• _Brief_
Would you please copy the part of the material below that opens with the line containing "Blue/Gray Ceramic Planters" and closes with the line containing "Các sản phẩm"? Copy it exactly, and only it.

• _The input_
-------

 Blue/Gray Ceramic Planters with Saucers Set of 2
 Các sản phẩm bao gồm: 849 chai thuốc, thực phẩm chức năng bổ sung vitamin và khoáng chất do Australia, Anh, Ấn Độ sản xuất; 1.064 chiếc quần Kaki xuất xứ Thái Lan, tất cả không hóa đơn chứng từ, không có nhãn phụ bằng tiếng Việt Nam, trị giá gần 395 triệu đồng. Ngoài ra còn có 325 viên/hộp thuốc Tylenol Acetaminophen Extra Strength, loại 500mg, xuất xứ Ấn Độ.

-------

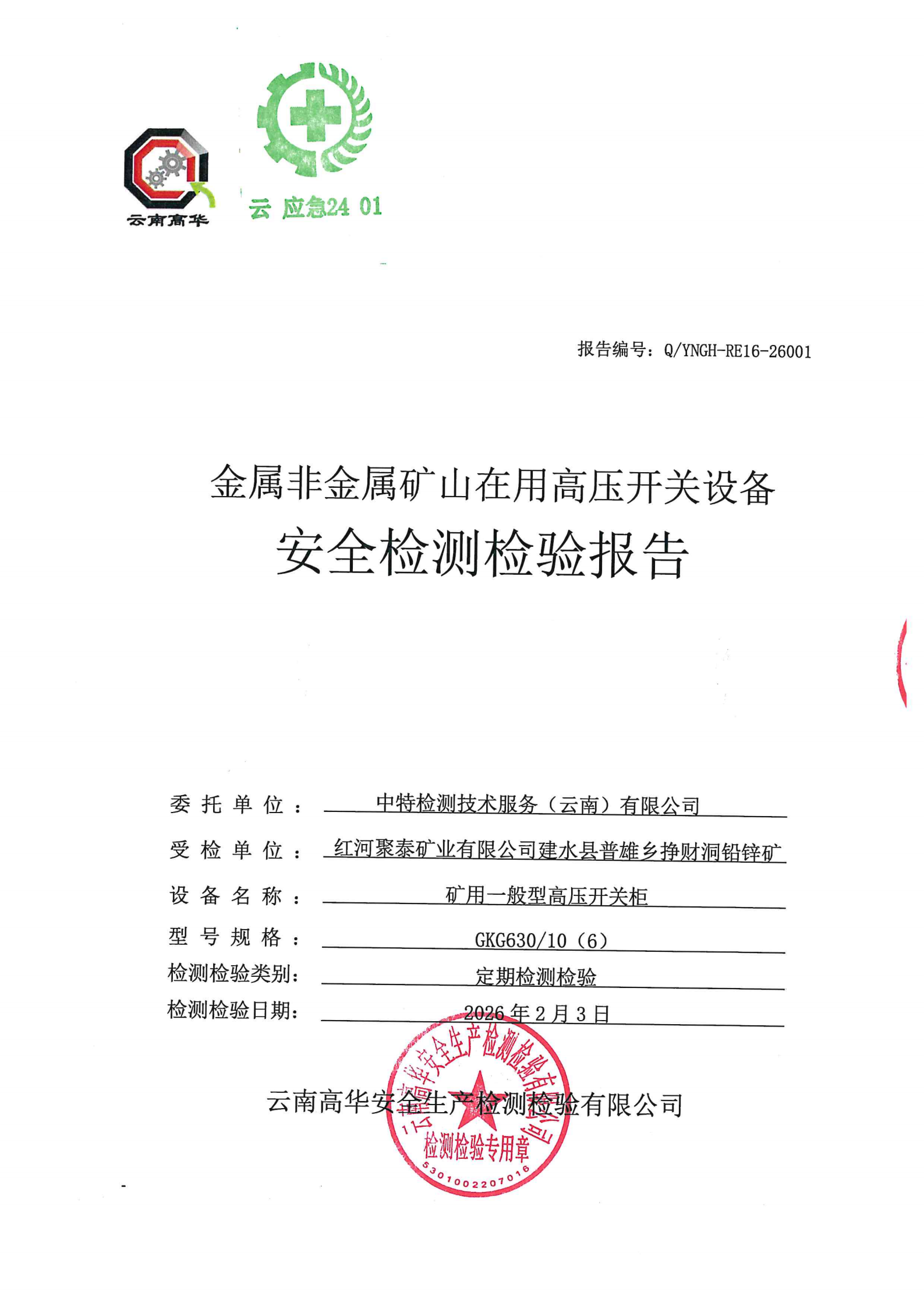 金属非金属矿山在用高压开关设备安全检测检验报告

-------

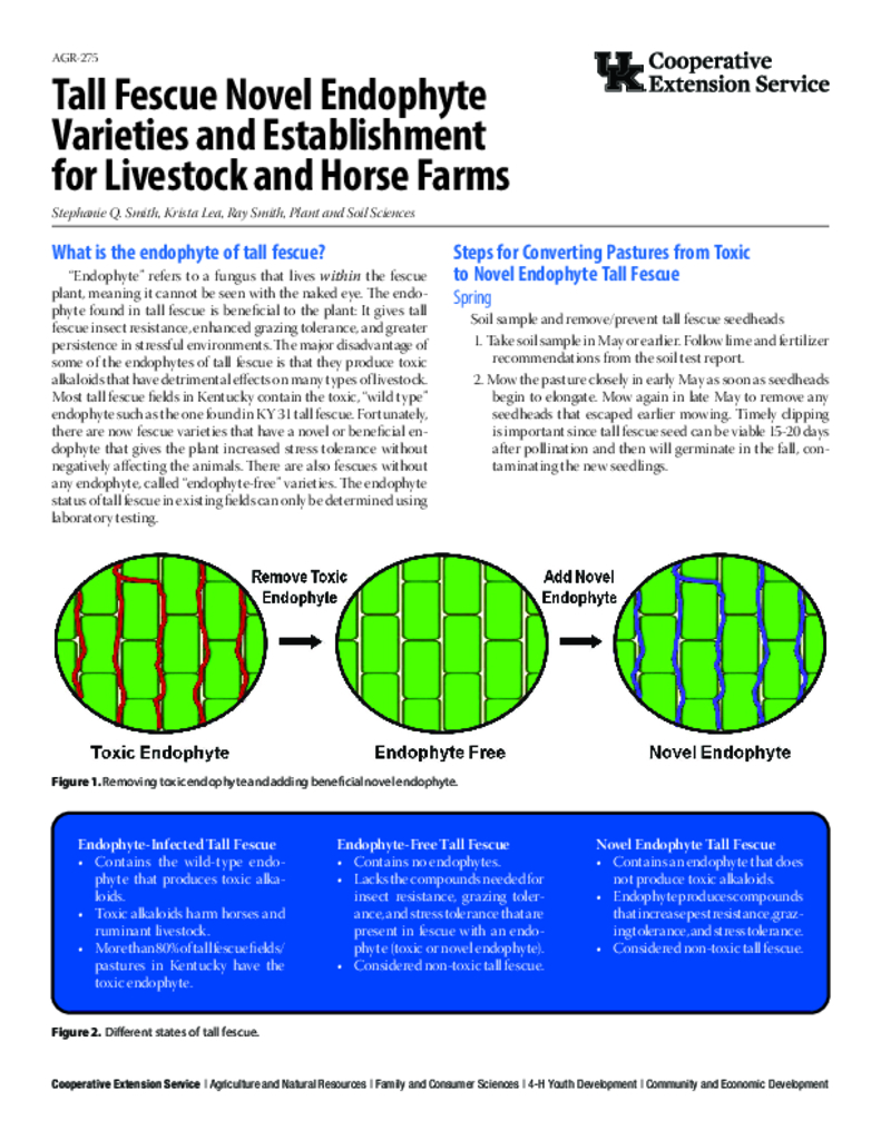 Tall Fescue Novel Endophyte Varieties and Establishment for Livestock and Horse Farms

-------

• _Task answer_
 Blue/Gray Ceramic Planters with Saucers Set of 2
 Các sản phẩm bao gồm: 849 chai thuốc, thực phẩm chức năng bổ sung vitamin và khoáng chất do Australia, Anh, Ấn Độ sản xuất; 1.064 chiếc quần Kaki xuất xứ Thái Lan, tất cả không hóa đơn chứng từ, không có nhãn phụ bằng tiếng Việt Nam, trị giá gần 395 triệu đồng. Ngoài ra còn có 325 viên/hộp thuốc Tylenol Acetaminophen Extra Strength, loại 500mg, xuất xứ Ấn Độ.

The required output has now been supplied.